==== RAW DATA

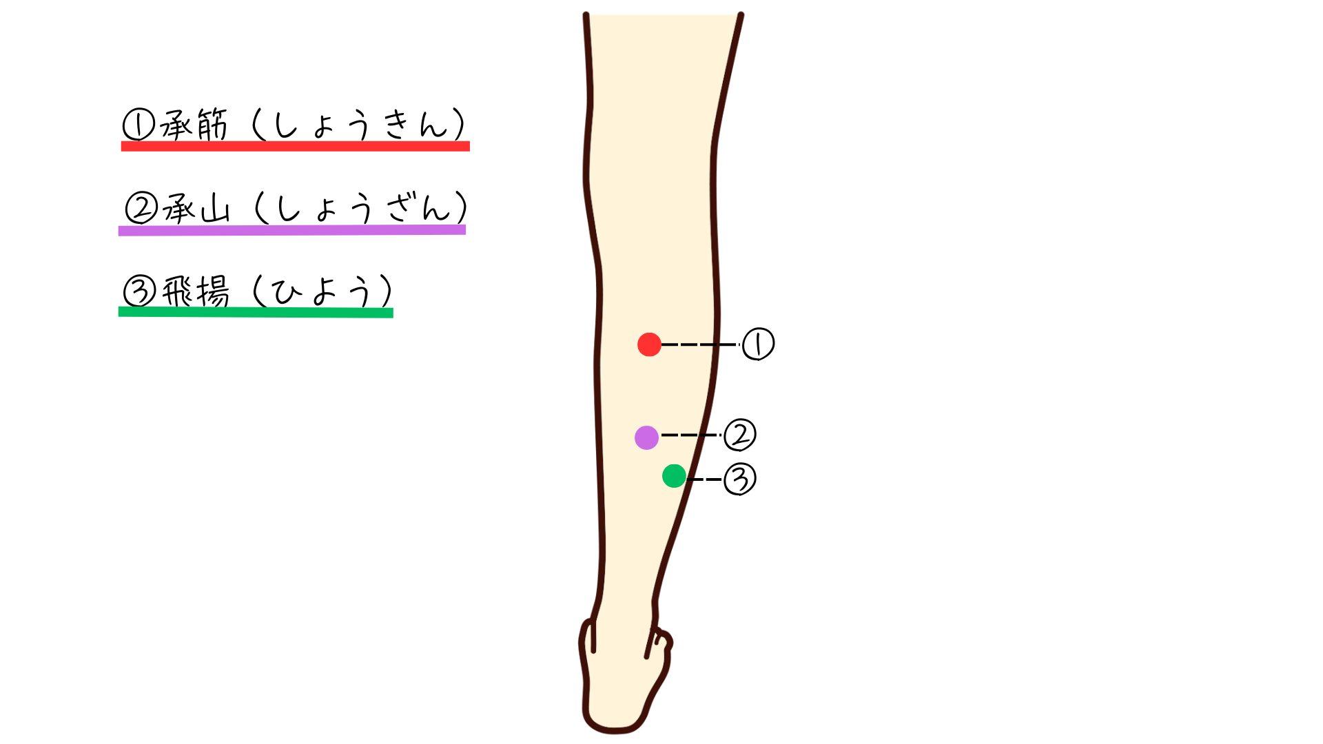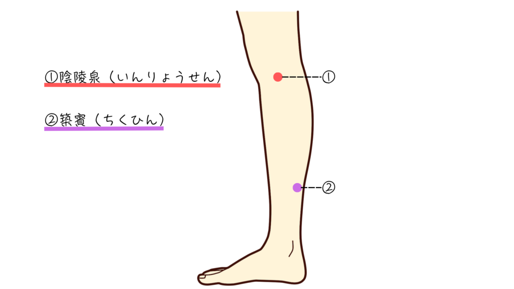 ①承筋(しょうきん)つま先立ちをしてアキレス腱を沿って上がっていき筋肉が盛り上がったところで止まるくぼみにあります。
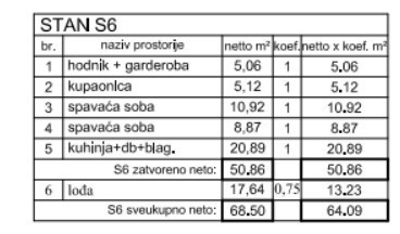 Apartment S6 is located on the first floor of the building and consists of a hallway, two bedrooms, a living room with a kitchen and dining area, and a bathroom. The total net area of the apartment is 68.50 m² (living area 64.09 m²). The apartment is delivered ready to move in, with all bathroom and sanitary furnishings, complete flooring (ceramic or laminate), all sockets and switches, and walls and ceilings painted white.
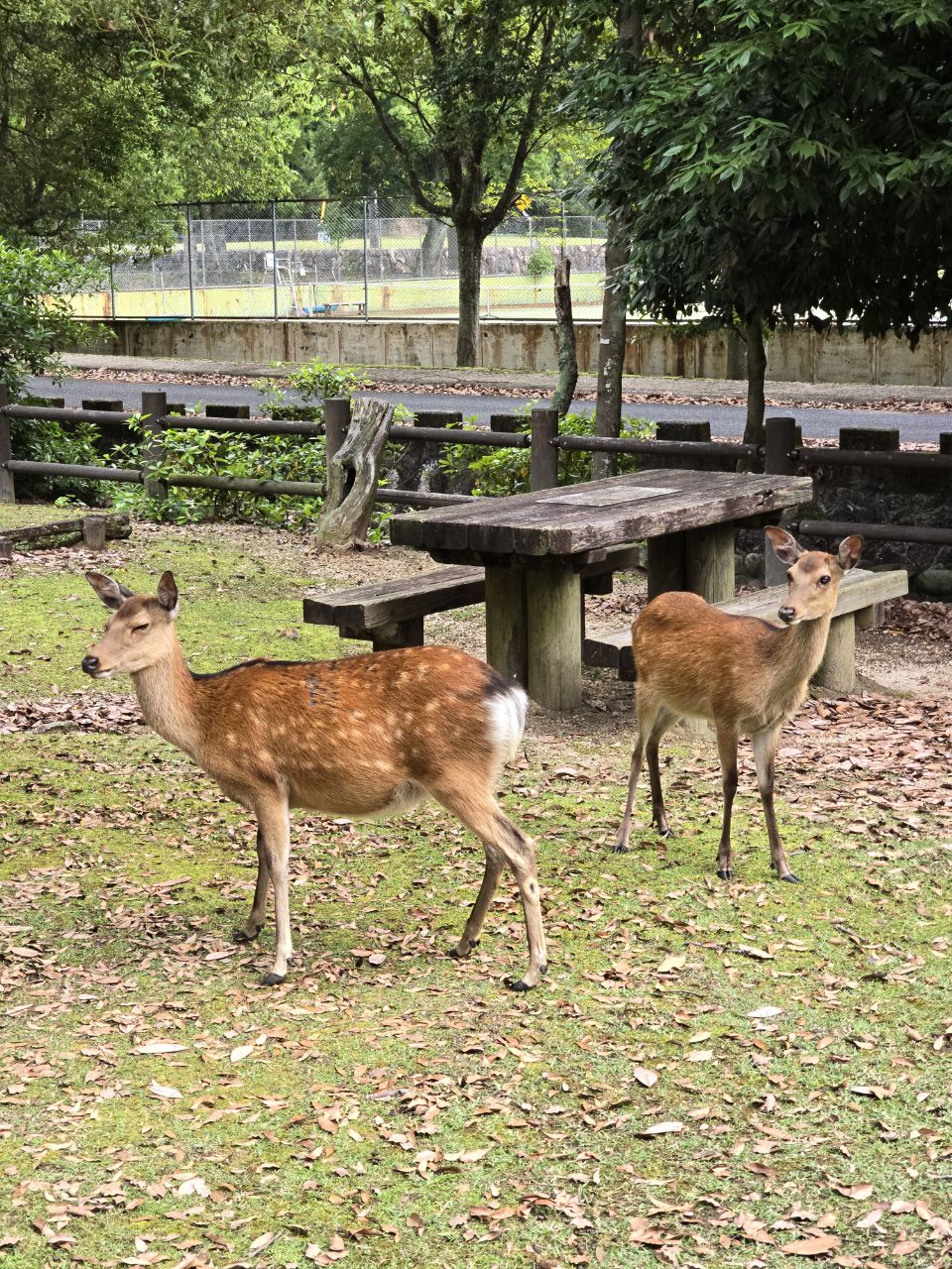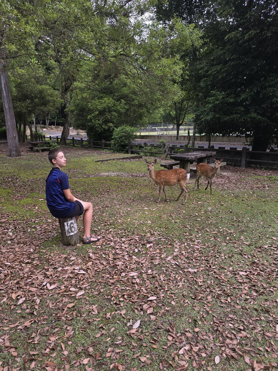 Difficile de trouver un endroit pour bivouaquer hier soir ! Le moindre carré de pelouse et une affiche interdit de camper était affichée. Finalement, je repère sur le plan de l'île une zone de camping autorisée à l'entrée d'un parc. Quand nous arrivons sur place, il fait presque nuit et l'endroit semble à l'abandon. L'entrée est condamnée, les toilettes aussi et les points d'eau à sec. Nous montons la tente tout de même et profitons de la proximité de la rivière pour nous rincer un peu. Les daims ont élu domicile dans le parc et à peine installés dans la tente, nous les entendons rôder autour des vélos reniflant les sacoches à la recherche de nourriture. Nous finissons par nous endormir en les entendant brouter autour de la tente! Au réveil le lendemain, les daims nous attendent et cela se corse quand nous tentons de petit-déjeuner! Les daims affluent en masse attirés par la nourriture que nous prenons soin de tenir en hauteur. Certains mâles se battent. Tout à coup, un daim plus entreprenant de les autres saute et saisi le sac plastique contenant notre nourriture et que je tiens à la main. Je tente de le récupérer et il m'assène un coup de sabeau sur la cuisse! Finalement nous parvenons à récupérer une partie du contenu du sac et laissons les daims se battre pour éventrer un sachet de gâteau.

========

* EXERCISE AIM
The whole listing above must be duplicated word for word, apart from its pictures.

* ANSWER TO THE PROBLEM
 ①承筋(しょうきん)つま先立ちをしてアキレス腱を沿って上がっていき筋肉が盛り上がったところで止まるくぼみにあります。
 Apartment S6 is located on the first floor of the building and consists of a hallway, two bedrooms, a living room with a kitchen and dining area, and a bathroom. The total net area of the apartment is 68.50 m² (living area 64.09 m²). The apartment is delivered ready to move in, with all bathroom and sanitary furnishings, complete flooring (ceramic or laminate), all sockets and switches, and walls and ceilings painted white.
 Difficile de trouver un endroit pour bivouaquer hier soir ! Le moindre carré de pelouse et une affiche interdit de camper était affichée. Finalement, je repère sur le plan de l'île une zone de camping autorisée à l'entrée d'un parc. Quand nous arrivons sur place, il fait presque nuit et l'endroit semble à l'abandon. L'entrée est condamnée, les toilettes aussi et les points d'eau à sec. Nous montons la tente tout de même et profitons de la proximité de la rivière pour nous rincer un peu. Les daims ont élu domicile dans le parc et à peine installés dans la tente, nous les entendons rôder autour des vélos reniflant les sacoches à la recherche de nourriture. Nous finissons par nous endormir en les entendant brouter autour de la tente! Au réveil le lendemain, les daims nous attendent et cela se corse quand nous tentons de petit-déjeuner! Les daims affluent en masse attirés par la nourriture que nous prenons soin de tenir en hauteur. Certains mâles se battent. Tout à coup, un daim plus entreprenant de les autres saute et saisi le sac plastique contenant notre nourriture et que je tiens à la main. Je tente de le récupérer et il m'assène un coup de sabeau sur la cuisse! Finalement nous parvenons à récupérer une partie du contenu du sac et laissons les daims se battre pour éventrer un sachet de gâteau.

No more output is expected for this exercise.